Exercise instructions => Repeat every record below exactly, omitting any pictures.

Given records =>

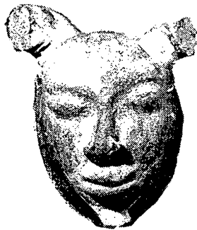
تصویر ۳ - صورتک نمایشی از مهنجودارو
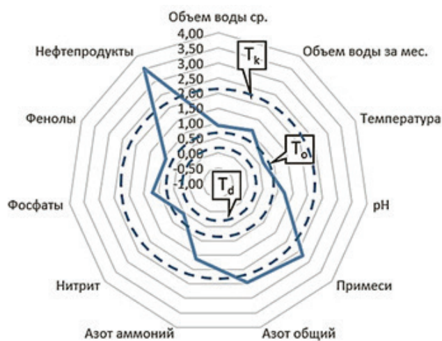
Рисунок 2 – Мультифрактальный фазовый портрет динамик физико-химических показателей сточных вод, поступающих для очистки

Таким образом, можно сделать вывод об эффективности и устойчивости процесса биологической очистки сточных вод (рисунок 4).
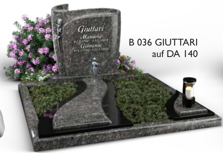
B 036 GIUTTARI auf DA 140
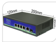
G0411GB € 208,00
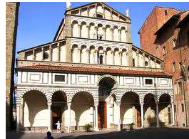
La Cattedrale di San Zeno a Pistoia

Informazioni, programmi, attività, a cura del Movimento Adulti Scouts Cattolici Pratesi - Piazza Mercatale 149, Prato - Stampato in proprio www.masciprato.com
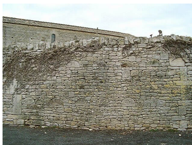
Mur de clôture sud, détail de la mise en oeuvre avec remplois de fragments de couvercles de sarcophages.
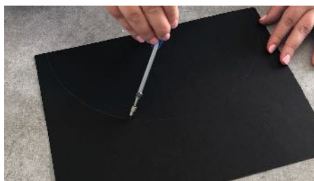
Tracer un demi cercle
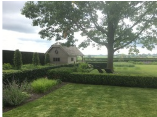
de Breuck-Demeyere - Arc-Ainières
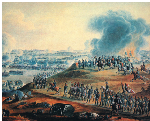
Бородино, акварель неизвестного художника

“ Состояние мое здесь становится мне тяжело, при всем моем терпении. Фельдмаршал делает все по советам других; однако же за всякую неудачу сердится тут же и на меня, так, как бы точно делал по моему совету. Мое положение тем тяжелее, что я должен скрывать все недовольствие мое, не показать никому виду, чтобы не испортить службы; да и тебя прошу никому об этом не говорить и ко мне об этом не писать. Буду терпеть, пока смогу. (Из письма жене. 16 мая 1809. Галац).
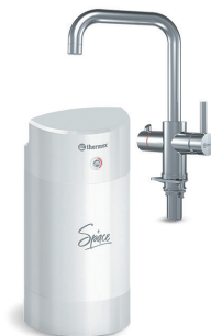
Мультипот система кипячения питьевой воды
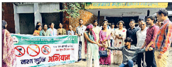
महेंद्रगढ़। नशे के विरुद्ध नुकड़ नाटक प्रस्तुत करते हुए।
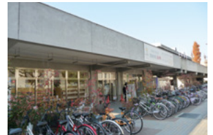
⑫カフェテリアルネ ショップルネ
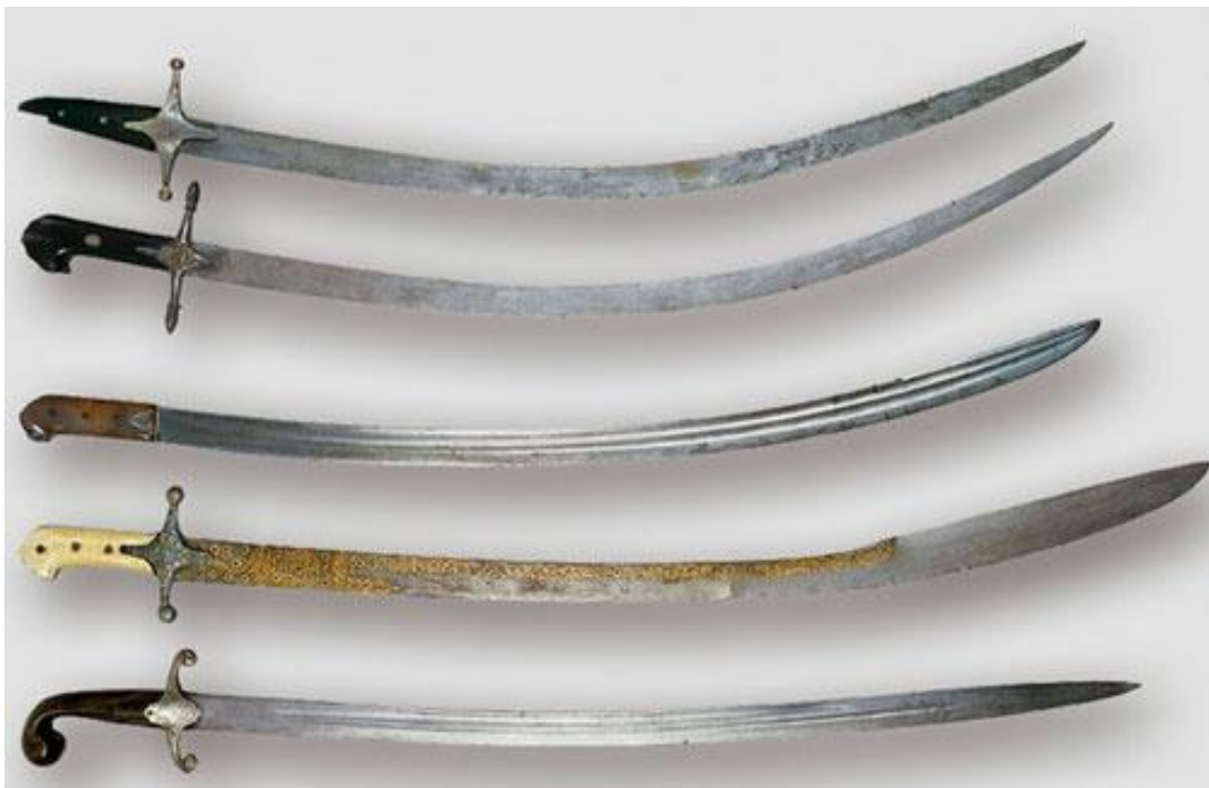
Рис.2.3. Козацька шабля з написом (реконструкція). Традиційна нагорода за бойові заслуги XVII–XVIII ст., символ особистої мужності та шляхетності.

Підсумовуючи середньовічний та козацький етапи, слід зазначити, що нагородна традиція еволюціонувала від натуральних форм (гривни, зброя, коні) до складних символічних конструкцій. Клейноди виконували функцію колективних нагород для всього війська, а індивідуальна зброя - для професійних воїнів. Цей період заклав ідейний підґрунтя: нагорода - це не лише прикраса, а публічне підтвердження честі та привілейованого статусу в суспільстві.
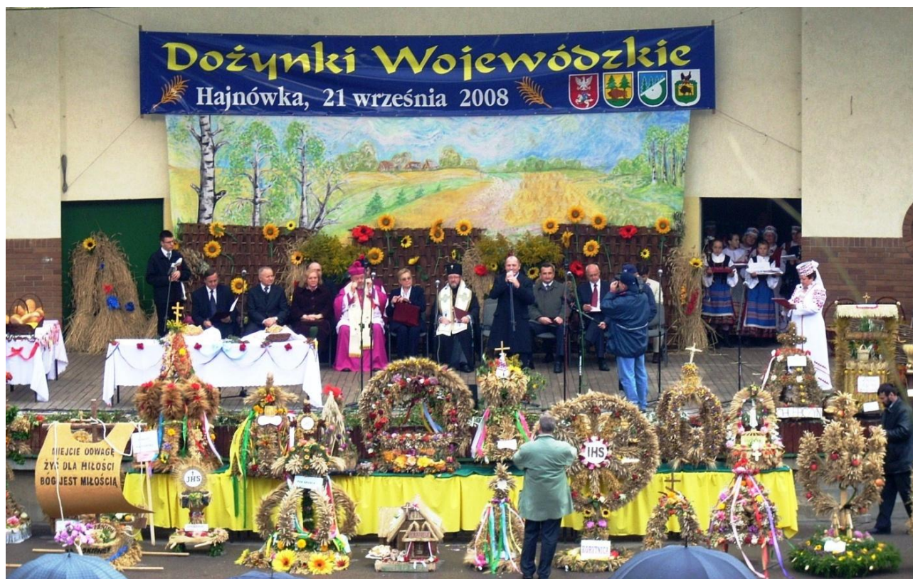
Dożynki Wojewódzkie z udziałem ministra rolnictwa Marka Sawickiego

Solution to this task =>
تصویر ۳ - صورتک نمایشی از مهنجودارو
Рисунок 2 – Мультифрактальный фазовый портрет динамик физико-химических показателей сточных вод, поступающих для очистки

Таким образом, можно сделать вывод об эффективности и устойчивости процесса биологической очистки сточных вод (рисунок 4).
B 036 GIUTTARI auf DA 140
G0411GB € 208,00
La Cattedrale di San Zeno a Pistoia

Informazioni, programmi, attività, a cura del Movimento Adulti Scouts Cattolici Pratesi - Piazza Mercatale 149, Prato - Stampato in proprio www.masciprato.com
Mur de clôture sud, détail de la mise en oeuvre avec remplois de fragments de couvercles de sarcophages.
Tracer un demi cercle
de Breuck-Demeyere - Arc-Ainières
Бородино, акварель неизвестного художника

“ Состояние мое здесь становится мне тяжело, при всем моем терпении. Фельдмаршал делает все по советам других; однако же за всякую неудачу сердится тут же и на меня, так, как бы точно делал по моему совету. Мое положение тем тяжелее, что я должен скрывать все недовольствие мое, не показать никому виду, чтобы не испортить службы; да и тебя прошу никому об этом не говорить и ко мне об этом не писать. Буду терпеть, пока смогу. (Из письма жене. 16 мая 1809. Галац).
Мультипот система кипячения питьевой воды
महेंद्रगढ़। नशे के विरुद्ध नुकड़ नाटक प्रस्तुत करते हुए।
⑫カフェテリアルネ ショップルネ
Рис.2.3. Козацька шабля з написом (реконструкція). Традиційна нагорода за бойові заслуги XVII–XVIII ст., символ особистої мужності та шляхетності.

Підсумовуючи середньовічний та козацький етапи, слід зазначити, що нагородна традиція еволюціонувала від натуральних форм (гривни, зброя, коні) до складних символічних конструкцій. Клейноди виконували функцію колективних нагород для всього війська, а індивідуальна зброя - для професійних воїнів. Цей період заклав ідейний підґрунтя: нагорода - це не лише прикраса, а публічне підтвердження честі та привілейованого статусу в суспільстві.
Dożynki Wojewódzkie z udziałem ministra rolnictwa Marka Sawickiego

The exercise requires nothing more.